Based on the UPDRS score of appeared symptoms in Parkinsonian patients, the present approach calculated numerical criteria for determining the stage-specific transition and retention thresholds. Furthermore, it evaluated the impact of medicines on the progression of PD both graphically and numerically. For this, the average rate of deterioration of symptoms in treated and untreated patients using the cumulative UPDRS score of different symptoms is calculated.
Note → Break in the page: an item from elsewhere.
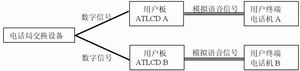 图1是两个固定电话用户A和B建立通话时的信号连接图。在信号传输过程中,用户板需要提供数模转换,模数转换,编码解码,多路复用(一个用户板可以连接多个模拟电话机)等功能,而在建立通话的过程中,用户板还需要提供摘挂机检测、振铃等功能。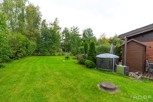 Erittäin tilavalla, hyvin hoidetulla ja suojaisalla piha-alueella voit rauhassa grillailla, pelailla lasten kanssa pihapelejä tai rentoutua paljussa.

A time delay pattern is calculated that depicts the average maximum stage retention time of treated and untreated patients at each stage. The study investigated the duration regulation provided by medicines over the worsening of six prime and earlier symptoms. A saturation period is also identified during which a proper treatment can minimize PD progression to negligible. Finally, the present work suggests an alternative line of remedies for Parkinson’s patients to improve PD management.
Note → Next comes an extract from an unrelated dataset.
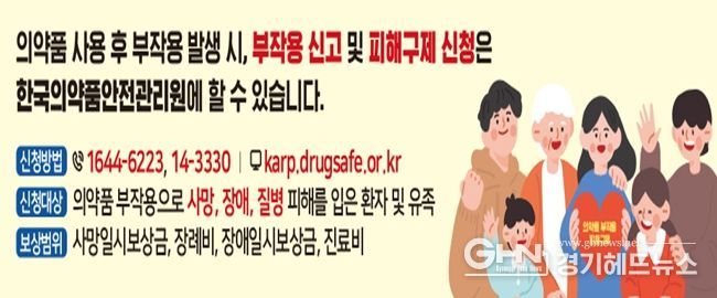 경기헤드뉴스 임수연 기자 | 식품의약품안전처는 환자가 의약품 용기‧포장이나 첨부문서 등에서 의약품 부작용 신고와 피해구제 신청 방법을 쉽게 확인할 수 있도록 안내하는 ‘부작용 피해구제 안내 표준 도안’을 마련해 제약업체와 관련 단체에 배포한다.

The work continues with the Methods in Sect. 2, which gives an insight into the proposed work along with the data sets used. Results are included in Sect. 3, and alternative remedies are suggested and discussed in Sect. 4, followed by Conclusion in Sect. 5.

Methods

The complex character exhibited by non-fatal and incurable PD differs from patient to patient [2, 10]. Studies regarding its stages [10, 42], progression [13, 17, 18, 20,21,22, 43, 44], and treatments [34,35,36,37,38,39, 45,46,47,48,49,50,51] altogether indicate the timely identification and management of such a disease must be of utmost concern. To ensure that PD patients’ quality of life can never be compromised, and they may live a totally normal life free of issues caused by the illness, except at the final stage. With this in mind, we tried to estimate the stage transition and retention thresholds, and the rate of deterioration of symptoms in untreated patients. This helps in computing the time that prescribed therapies and medications add in the stages as improvements in the prevailing symptoms. In addition, we suggest counselling, herbal medicines, home remedies, bio-cleansing therapies, yoga asanas, and physio-, psycho-, socio-, and speech therapies as alternative lines of medications to slow down the progression of PD by increasing the stage retention time. In this way, a better quality of life can be ensured for each patient at any stage of PD excluding the last one (stage 5).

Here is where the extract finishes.